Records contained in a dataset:

____________________

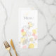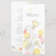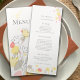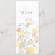 Moderna konfettiblad bröllop eller formella middagsmenyer. Dubbelsidig enkel modern linjearbetad blomma med kronbladskonfetti stil gul, orange och grå middagsmeny. Unikt ritad och designad av Sarah Trett för www.mittleedenweddings.com
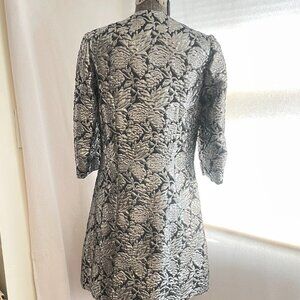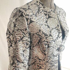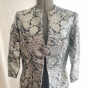 This is a vintage beauty! Fabulous silver metallic jacquard single-button jacket. Car coat length with three-quarter sleeves. Would be stunning atop a little black dress, or over some cigarette pants -- or even just a turtleneck and jeans! A gloriously versatile show-stopper piece! Some errant threads -- it's the nature of the fabric -- but overall in great vintage condition. Fully lined. Unbranded and no size tag -- so please see photos for all the amazing details and for flat sizing!
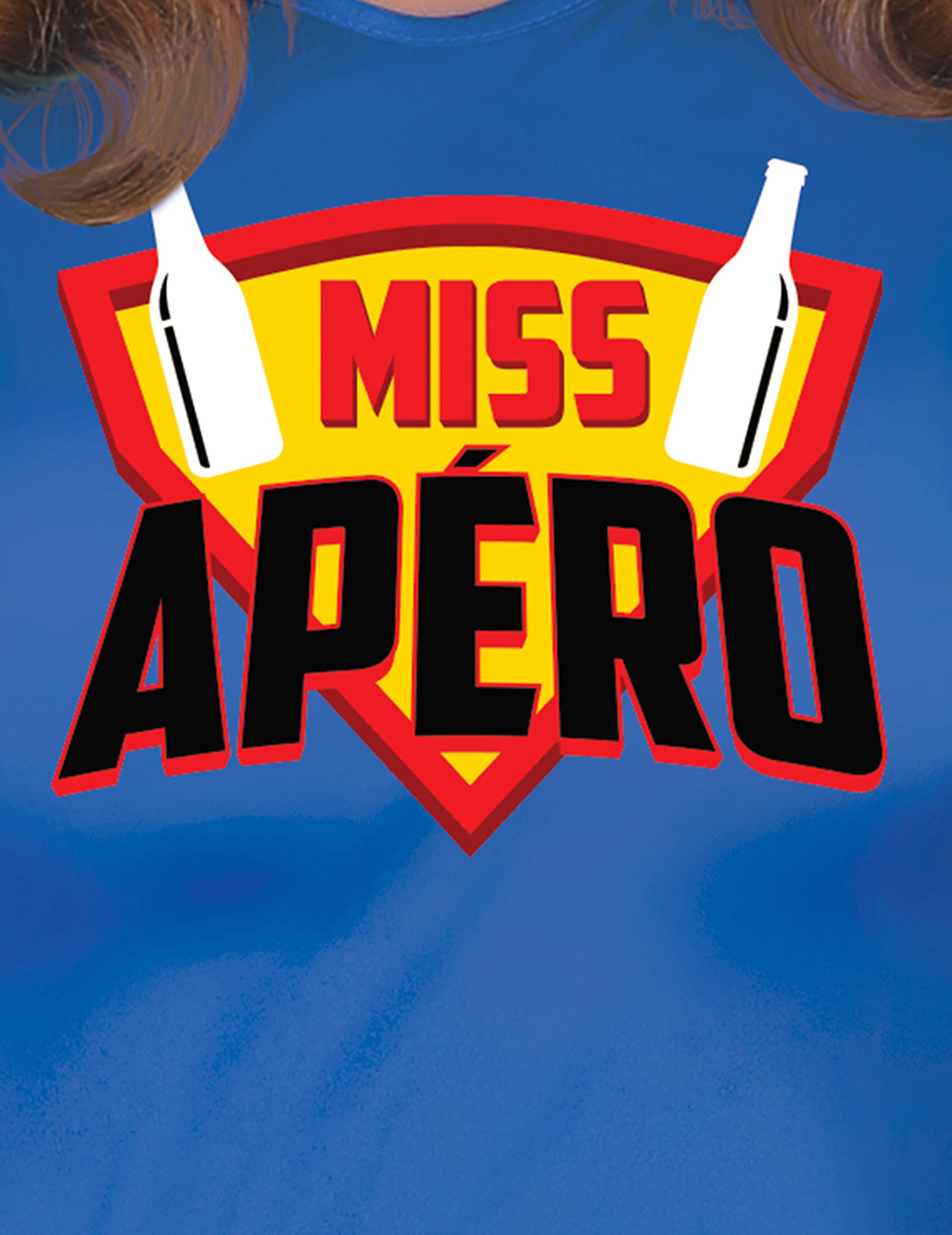 To Kostum gospodične Apéro Ženski komplet vključuje svetlo oprijeto obleko, rdečo pelerino, rumen pas in priročen držalo za skodelice, da boste imeli pijačo pri roki.
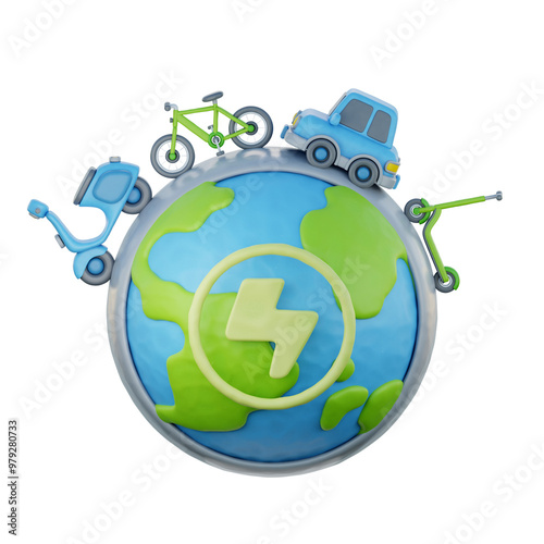 Fototapeta premium 3d World globe with electric vehicle, Environmental Alternative Energy, cartoon style, 3d rendering.
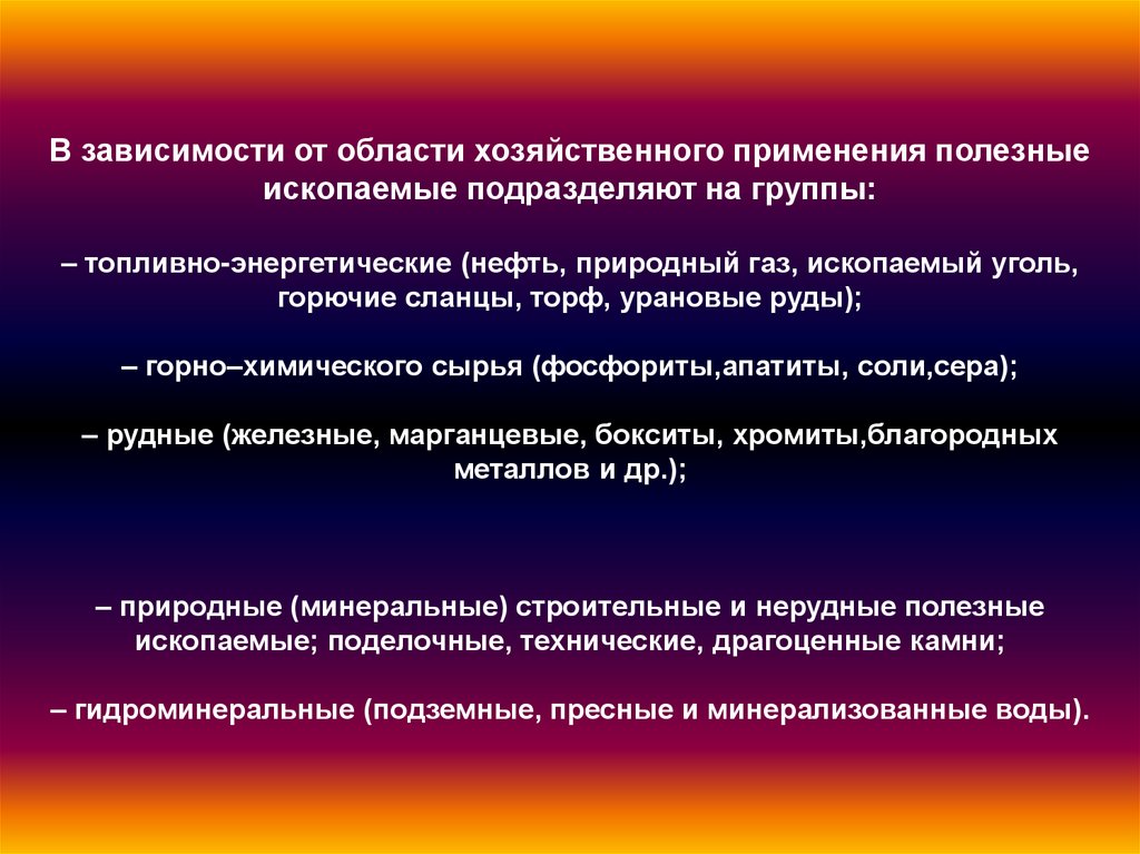 В зависимости от области хозяйственного применения полезныеископаемые подразделяют на группы:
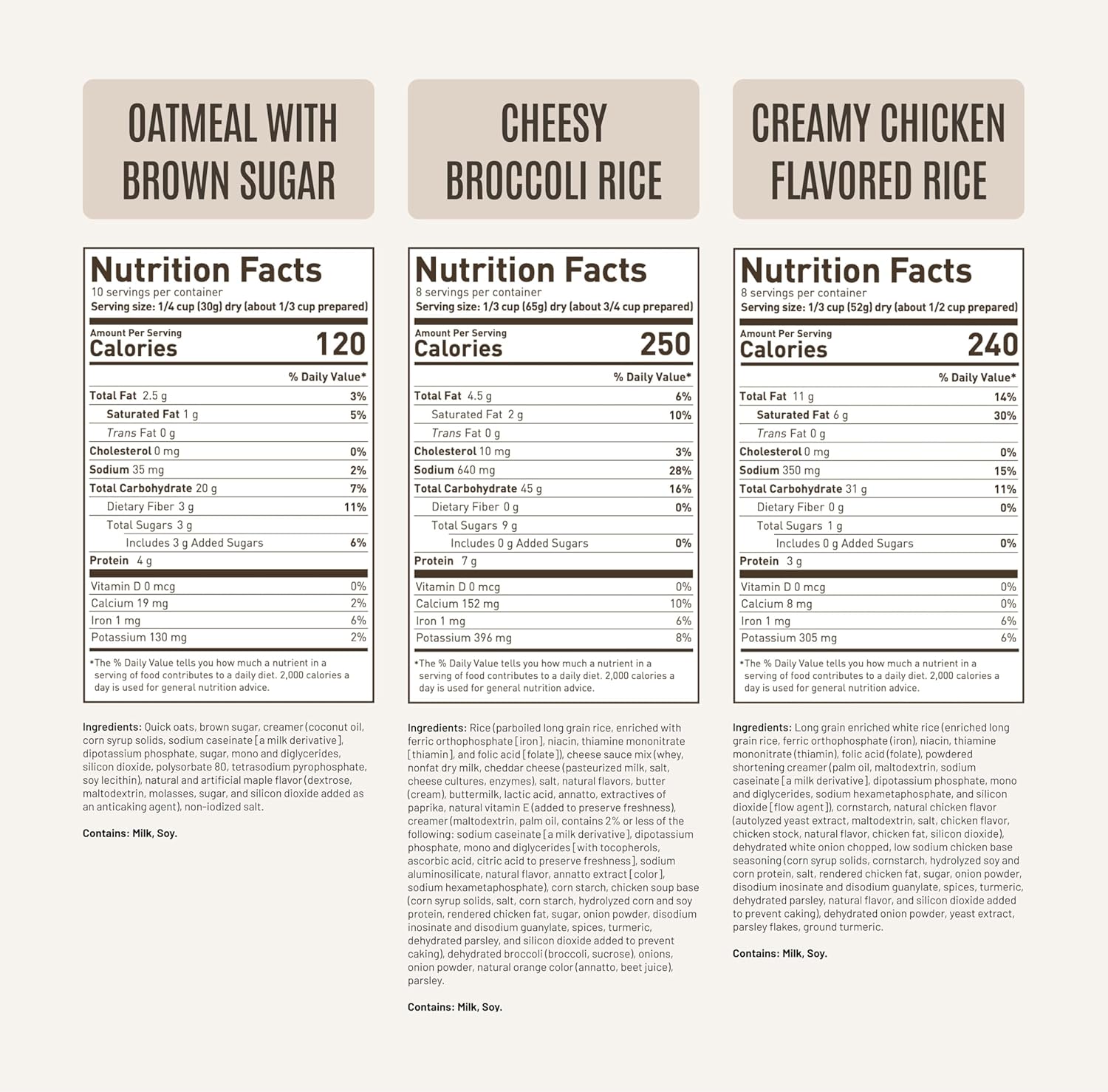 • Variety in Every Bite: Indulge in comforting tastes with oatmeal with brown sugar, creamy chicken flavored rice, and savory cheesy broccoli rice.

____________________

Write out again, exactly, each line from the one with "To Kostum gospodične" to the end of the entries. No pictures go in.

* WRITTEN RESPONSE:
 To Kostum gospodične Apéro Ženski komplet vključuje svetlo oprijeto obleko, rdečo pelerino, rumen pas in priročen držalo za skodelice, da boste imeli pijačo pri roki.
 Fototapeta premium 3d World globe with electric vehicle, Environmental Alternative Energy, cartoon style, 3d rendering.
 В зависимости от области хозяйственного применения полезныеископаемые подразделяют на группы:
 • Variety in Every Bite: Indulge in comforting tastes with oatmeal with brown sugar, creamy chicken flavored rice, and savory cheesy broccoli rice.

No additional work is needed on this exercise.